The Thrill is Gone
The Thrill is Gone

Every Wednesday morning when I was a child my mother would take my brother and I to a bowling alley. She had her own ball and shoes back then and we looked forward to the opening of the hall closet and her dragging that black swollen case to the trunk of our Buick.
I don’t know what about those mornings appealed to us…maybe it was a break in the menu of grilled cheese sandwiches and afternoon naps, but all I know is somehow those dark, dreary lanes and all that swirling smoke felt deliriously mocking of their motherly roles. There was the smell of frozen meat thawing and French fries in greasy binds, socks unleashed and body odors that I remember wondering what area they may have first found origin. Lane after lane of broken hangdog housewives seemed like a social movement gone awry…like entering a bar on a bright sunny day and seeing the same usual suspects at the counter…their eyes unaccustomed to the light quickly giving way to a susceptible glimpse of their descendible self.
Of course I didn’t realize this at the time. Back then I didn’t give much thought to the plight of women or finding a prestigious highbrow benchmark for daily household duties. I just loved the release and roll of the ball…the sound of it gliding down the lane…the excitement building…and then the force of impact. We would raise our arms in the air precisely at the time the hard rubber hit the pins and sent those little wooden soldiers flying. I remember how my brother and I would hold our breath, wait for the crash, followed by the scratch of the pencil on the scorecard. We would watch in amazement as the machine pulled back the downed pins and pushed my mom’s black ball back up the spinning belt once again.
Skill never played a factor for us. We didn’t even realize this was a sport. For us, it was just a mid-week event that broke up the monotony of childhood. A day in which we learned to appreciate bowling as if an art form – the drop of the cigarette into an ashtray, blowing on the fingertips before putting those dried digits into dark holes, feet planted on the hardwood grain, the ball cradled in a palmed prayer, the backward swing and toss. I remember being proud of my mom…how she wore a hat on her head that looked like a salad plate and was able to keep it planted firmly there with bobby pins. For our mundane lives of coloring and building blocks, it felt explosive. We had no idea it was something our mother did to occupy her time so that she didn’t lose her mind.
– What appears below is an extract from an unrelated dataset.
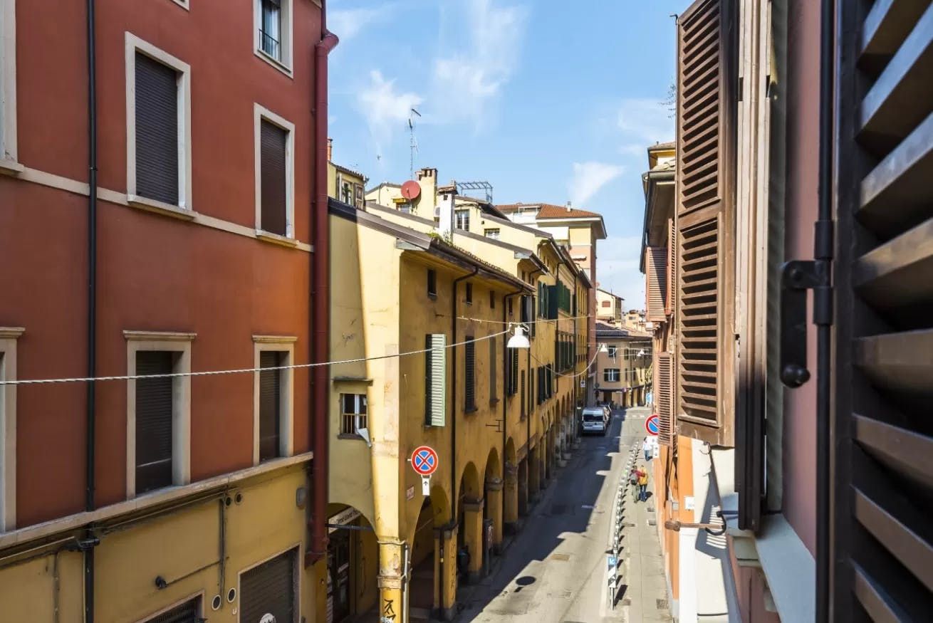 From this chic, industrial-style apartment, it’s just a seven-minute stroll to Piazza Maggiore; Bologna’s main historic square where palazzos have stood since the 13th century. Winding your way through the narrow medieval streets of the Old Town around you, you’ll find cafés and restaurants spilling out beneath ancient porticos and food markets selling fresh, local produce – you’re in Italy’s gastronomic capital after all.

Today things are so different. Back then, feelings seemed as containable as those lanes. Even when drama occurred, they were able to rein it in and hold it at close range…or at the very least, in secret. I watched my mother’s boredom and that dreadful cartoon bubble seemed to loom over, “Help, I’m a woman and I’m stuck in my role.” Somehow my mom was able to learn to stifle the knowledge that she had more to offer, knowing and fearing that it would remain smothered in motherhood and chores. For years she seemed to hang on and then it was over…the dream escaped. I’m not saying she hasn’t found her share of happiness…but happiness is surely not the same thing as the fulfillment of being fully used to your capacity. She envied those in business who worked their way up...those who parlayed their talents to a corner office.
Nowadays, I can only guess very few mothers hit the lanes with regularity. I have only been to a bowling alley half a dozen times since childhood. There are some things that are better left to memory.